On 26/10/2023 12:43, Jonathan Wakely wrote:
> On 26/10/23 07:18 +0200, François Dumont wrote:
>>     libstdc++: [_Hashtable] Use RAII type to manage rehash functor state
>>
>>     Replace usage of __try/__catch with a RAII type to restore rehash 
>> functor
>>     state when needed.
>
> Generally I really like replacing try-catch with RAII but I have some
> questions below.
>
>>     libstdc++-v3/ChangeLog:
>>
>>             * include/bits/hashtable_policy.h (_RehashStateGuard): New.
>>             (_Insert_base<>::_M_insert_range(_IIt, _IIt, const 
>> _NodeGet&, false_type)):
>>             Adapt.
>>             * include/bits/hashtable.h (__rehash_guard_t): New.

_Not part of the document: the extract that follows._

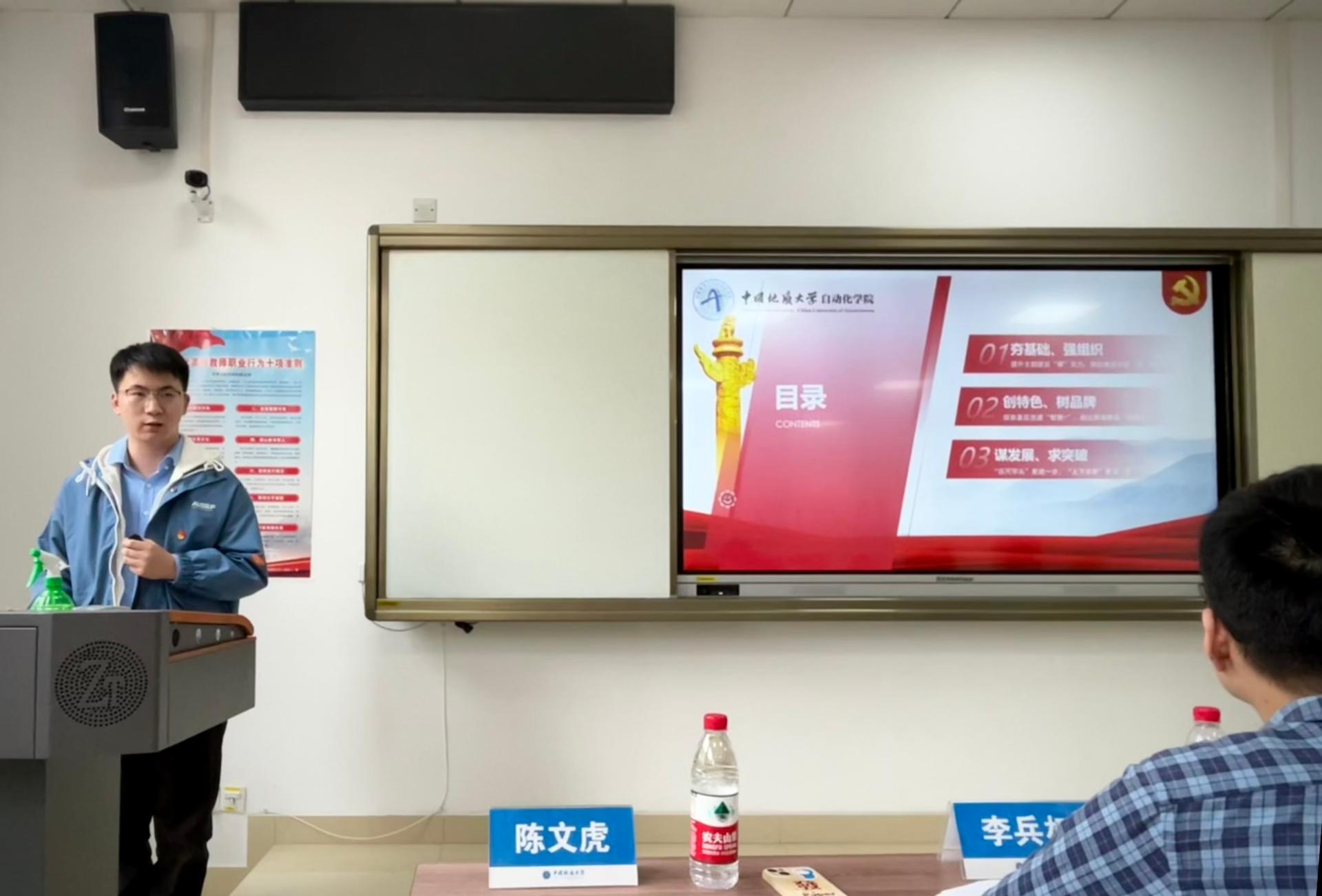 博一党支部书记陈文虎以《融汇‘新工科’专业特色,让支部建设走‘新’更走‘心’》为题,从夯基础、强组织,创特色、树品牌,谋发展、求突破三个方面分享了支部在建设过程中的创新与突破、经验与成就。党支部融合了“创新型和工程应用型的国家化高层次人才”的培养目标,呈现了以“新工科”为专业特色、以“党建+新一代信息技术”为工作品牌的支部样貌,总结介绍了打造“引领型学习型服务型”党支部的具体举措。

>>             (__rehash_state): Remove.
>>             (_M_rehash): Remove.
>>             (_M_rehash_aux): Rename into _M_rehash.

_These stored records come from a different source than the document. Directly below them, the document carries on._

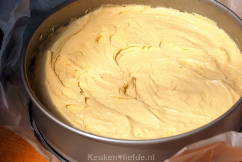Bak de taart 40-45 minuten in de oven, of totdat de cake goudbruin en gaar is. Haal de taart uit de oven en keer de taart ondersteboven op een taartschaal. Verwijder voorzichtig de taartvorm en het bakpapier.
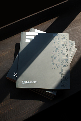 Перед командой стояла непростая задача: отразить в буклете все идеи многогранной концепции одного из самых масштабных проектов за Уралом — мультифункционального комплекса Freedom.
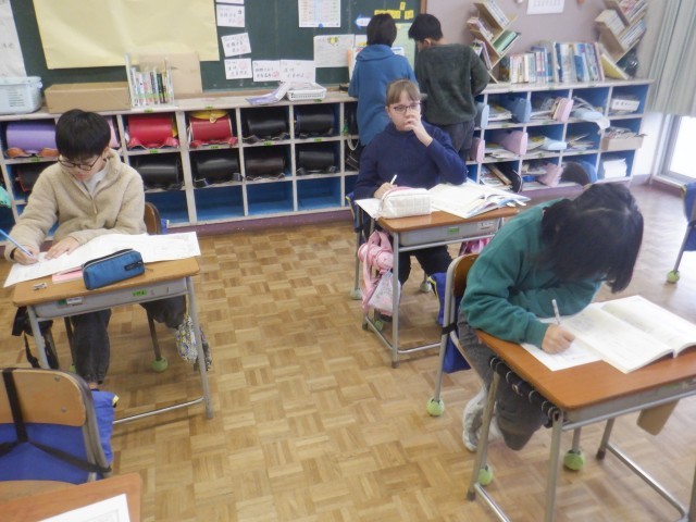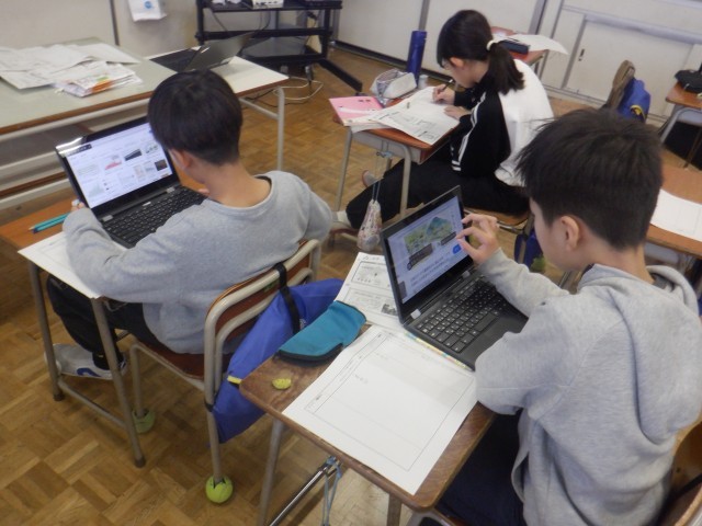 5年生は国語科で意見文を書く学習をしていました。教科書の意見文を読むことで文の構造を学び、それを生かして自分の意見文を書きます。地球温暖化や大気汚染、ごみ問題等身近なテーマを取り上げ、資料を調べたり、友達と意見交換したりして書く内容を考えていました。

>>             (_M_assign_elements, _M_insert_unique_node, 
>> _M_insert_multi_node): Adapt.
>>             (rehash): Adapt.
>>
>>
>> Tested under Linux x64.
>>
>> Ok to commit ?
>>
>> François
>
>> diff --git a/libstdc++-v3/include/bits/hashtable.h 
>> b/libstdc++-v3/include/bits/hashtable.h
>> index 0857448f7ed..64071ac1fb2 100644
>> --- a/libstdc++-v3/include/bits/hashtable.h
>> +++ b/libstdc++-v3/include/bits/hashtable.h
>> @@ -234,6 +234,8 @@ _GLIBCXX_BEGIN_NAMESPACE_VERSION
>>                           _RehashPolicy, _Traits>;
>>       using __enable_default_ctor
>>     = _Hashtable_enable_default_ctor<_Equal, _Hash, _Alloc>;
>> +      using __rehash_guard_t
>> +    = __detail::_RehashStateGuard<_RehashPolicy>;
>>
>>     public:
>>       typedef _Key                        key_type;
>> @@ -264,7 +266,6 @@ _GLIBCXX_BEGIN_NAMESPACE_VERSION
>>
>>     private:
>>       using __rehash_type = _RehashPolicy;
>> -      using __rehash_state = typename __rehash_type::_State;
>>
>>       using __unique_keys = typename __traits_type::__unique_keys;
>>
>> @@ -1200,14 +1201,10 @@ _GLIBCXX_BEGIN_NAMESPACE_VERSION
>>
>>     private:
>>       // Helper rehash method used when keys are unique.
>> -      void _M_rehash_aux(size_type __bkt_count, true_type __uks);
>> +      void _M_rehash(size_type __bkt_count, true_type __uks);
>>
>>       // Helper rehash method used when keys can be non-unique.
>> -      void _M_rehash_aux(size_type __bkt_count, false_type __uks);
>> -
>> -      // Unconditionally change size of bucket array to n, restore
>> -      // hash policy state to __state on exception.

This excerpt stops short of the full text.